Началась война; нас отправили в Португалию для соединения с армией дона Санчо де Сааведра. Этот полководец прославился в начале кампании сражением при Вильямарко. Наш полк, тогда самый сильный во всей армии, получил приказ разбить английскую колонну, составлявшую левый фланг противника. Мы дважды атаковали безрезультатно и уже готовились к третьей атаке, как вдруг среди нас появился всадник в расцвете лет, покрытый блестящей броней.
– За мной! – крикнул он. – Я ваш полковник, герцог Медина Сидония.
В самом деле он правильно сделал, назвав себя, – иначе мы приняли бы его за ангела войны или какого-нибудь полководца небесного воинства, так как было в нем что-то сверхчеловеческое.
На этот раз мы разгромили английскую колонну, и вся слава этого дня принадлежала нашему полку. Могу смело сказать, что после герцога лучше всех действовал я. По крайней мере, я получил лестное доказательство этого от своего начальника, который тут же сделал мне честь, попросив моей дружбы. Это не была пустая вежливость с его стороны. Мы действительно подружились: герцог никогда не относился ко мне снисходительно, а я никогда не унижался до лести. Испанцам приписывают некоторую надменность в обращении, но только не допуская фамильярности, можно быть гордым без спеси и учтивым без угодливости.
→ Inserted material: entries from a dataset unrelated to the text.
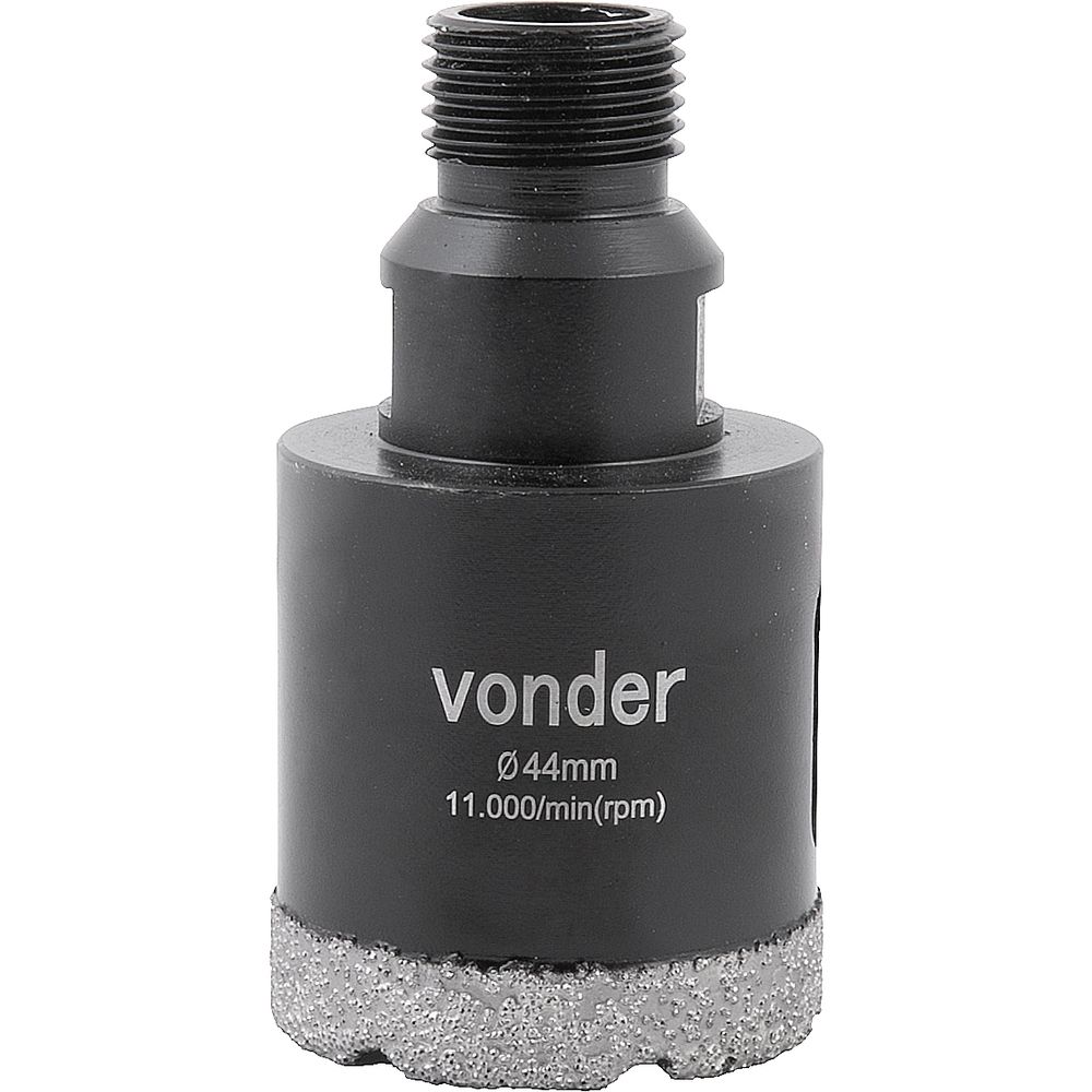 Ref. Fornecedor: 3617200044Marca: VonderConteúdo Embalagem:1 Serra copoDestaques e diferenciais:Corte a seco. Permite a realização de furos com grandes diâmetros em tempo reduzidoAplicações e dicas de uso:Serra copo diamantada para uso em telhas, tijolos, cerâmicas, azulejos, granito, mármore. Indicada para uso em esmerilhadeira com rosca interna M14 e rosca externa 1/2" BSP para máquinas estacionárias em marmorariaCaracterísticas Técnicas:Diâmetro da serra copo: 44 mm Altura útil aproximada da serra copo: 47 mm Comprimento total: 80,0 Diâmetro e tipo da rosca: M14 Rotação máxima (rpm): 11000 /min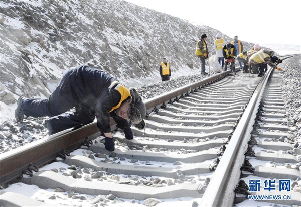 青藏鐵路格爾木工務(wù)段望昆線路養(yǎng)護車間副主任于本蕃(前)跪在鐵路上對已完成檢修的鐵軌進行復(fù)檢(1月11日攝)。 新華社發(fā)(王浡 攝)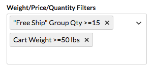 - Surcharging rates for your BULKY shipping group by setting BULKY in the Shipping Group Includes condition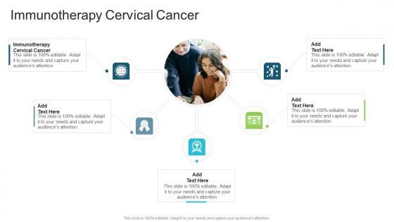 Introducing our well designed Immunotherapy Cervical Cancer In Powerpoint And Google Slides Cpb. This PowerPoint design presents information on topics like Immunotherapy Cervical Cancer. As it is predesigned it helps boost your confidence level. It also makes you a better presenter because of its high-quality content and graphics. This PPT layout can be downloaded and used in different formats like PDF, PNG, and JPG. Not only this, it is available in both Standard Screen and Widescreen aspect ratios for your convenience. Therefore, click on the download button now to persuade and impress your audience. Our Immunotherapy Cervical Cancer In Powerpoint And Google Slides Cpb are topically designed to provide an attractive backdrop to any subject. Use them to look like a presentation pro.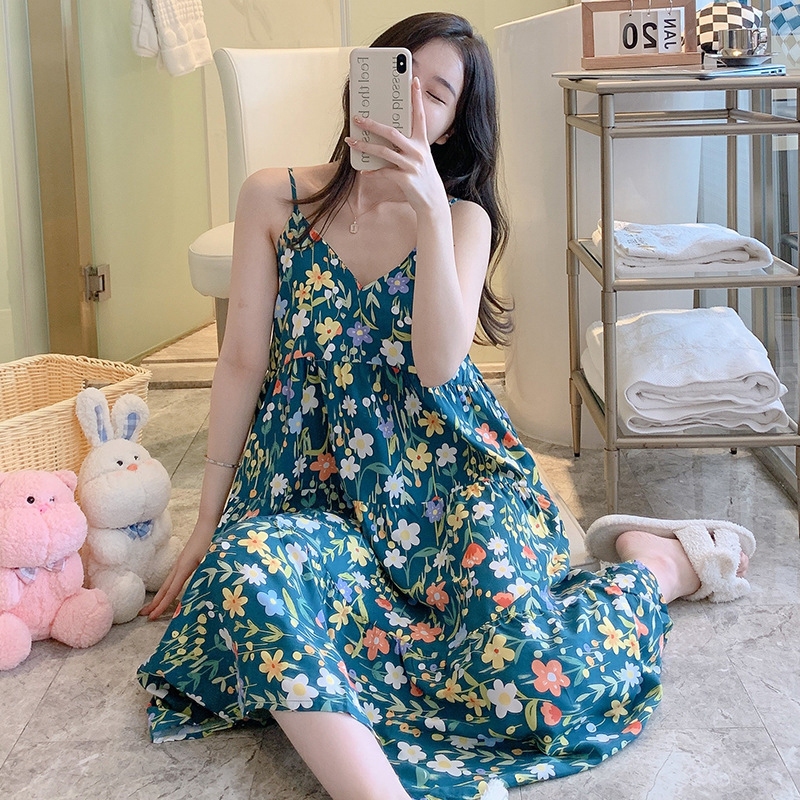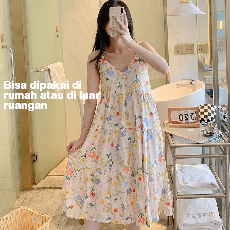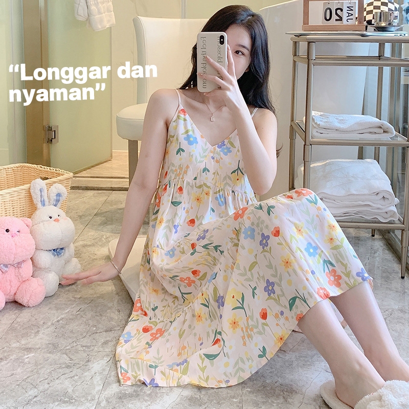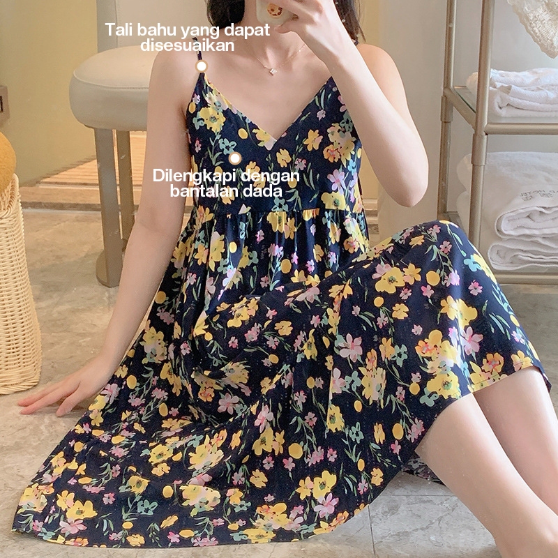 Gadis Kitty Baju Tidur Longgar Panjang Wanita Aun Tidur Rumah Manis Motif Bunga Kecil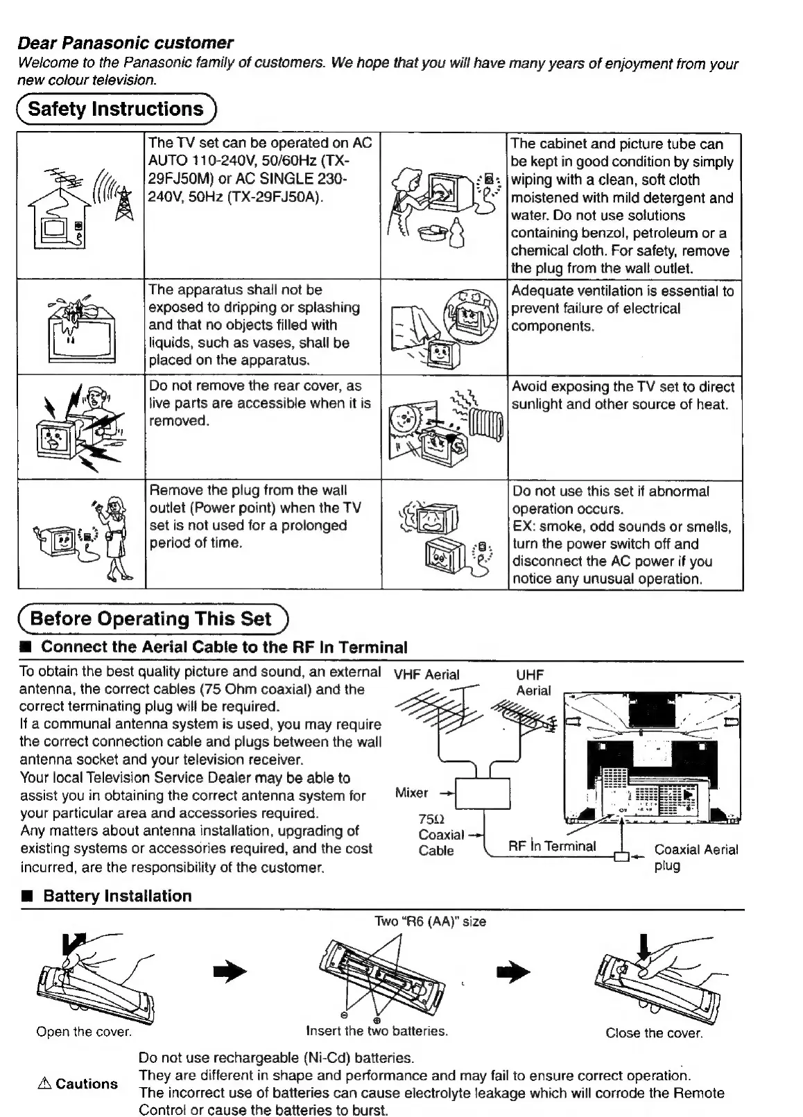 Panasonic TX-29FJ50A - Safety Instructions; General Safety Instructions; Connect Aerial Cable to RF In Terminal

Победа при Вильямарко послужила основанием для многих повышений. Герцог стал генералом, а меня на поле боя произвели в чин подполковника и назначили первым адъютантом.
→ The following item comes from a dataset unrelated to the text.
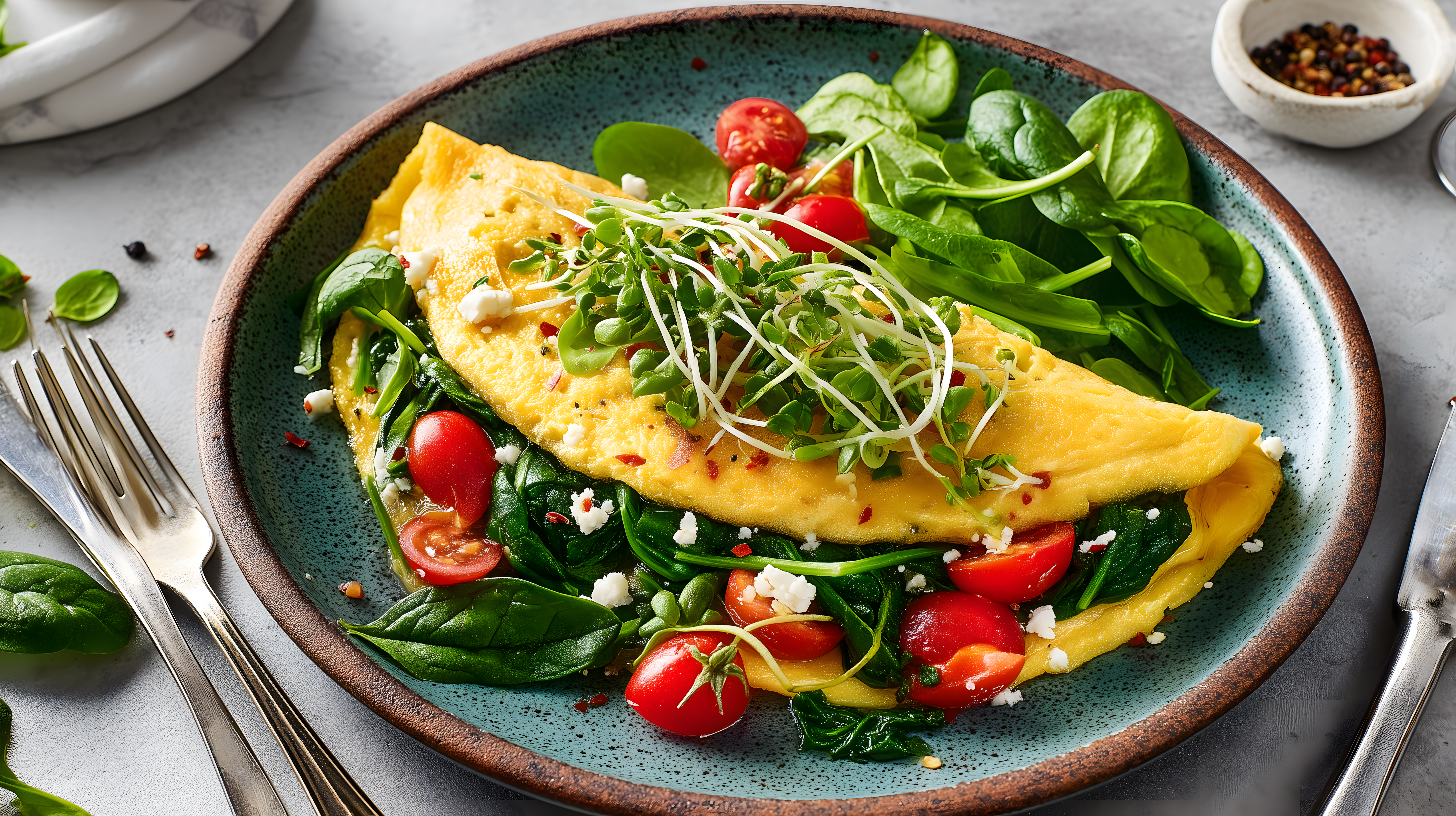 Dieses appetitliche Foto zeigt ein frisch zubereitetetes Spinat-Feta-Omelett, garniert mit Cherrytomaten und Sprossen. Die Speise ist auf einer rustikalen, grünen Keramikschüssel angerichtet, umgeben von Besteck und weiteren Zutaten wie Gewürzen. Das natürliche Licht und die farbenfrohe, übersichtliche Komposition machen das Bild zu einem stimmungsvollen, hochwertigen Stockfoto, das sich perfekt für Blogs, Newsletter, Social-Media-Beiträge oder Werbematerialien zum Thema gesunde Ernährung eignet. Dieses kostenlose Stockfoto in hoher Auflösung steht unter der Creative-Commons-Lizenz zur Verfügung.

Мы получили опасное поручение воспрепятствовать переходу неприятеля через Дуэро. Герцог занял выгодные позиции и довольно долго на них удерживался: в конце концов на нас двинулась вся английская армия. Численное превосходство врага не смогло принудить нас к отступлению, начался жестокий рукопашный бой, и наша гибель казалась неотвратимой, если б в эту минуту к нам не пришел на помощь некий ван Берг, ротный командир валлонцев, во главе трех тысяч человек. Он показал чудеса храбрости и не только избавил нас от опасности, но благодаря ему за нами осталось поле боя. Однако на другой день мы соединились с главными силами армии.
Во время нашего отступления вместе с валлонцами герцог подъехал ко мне и сказал:
– Дорогой Вальфлорида, я знаю, что число два лучше всего соответствует понятию дружбы и нельзя нарушить это число, не задевая священных прав самого чувства. Но мне кажется, что важная услуга, оказанная нам ван Бергом, достойна того, чтобы в данном случае сделать исключение. По-моему, мы из благодарности должны предложить ему нашу дружбу и допустить его третьим в тот союз, что соединяет нас с тобой.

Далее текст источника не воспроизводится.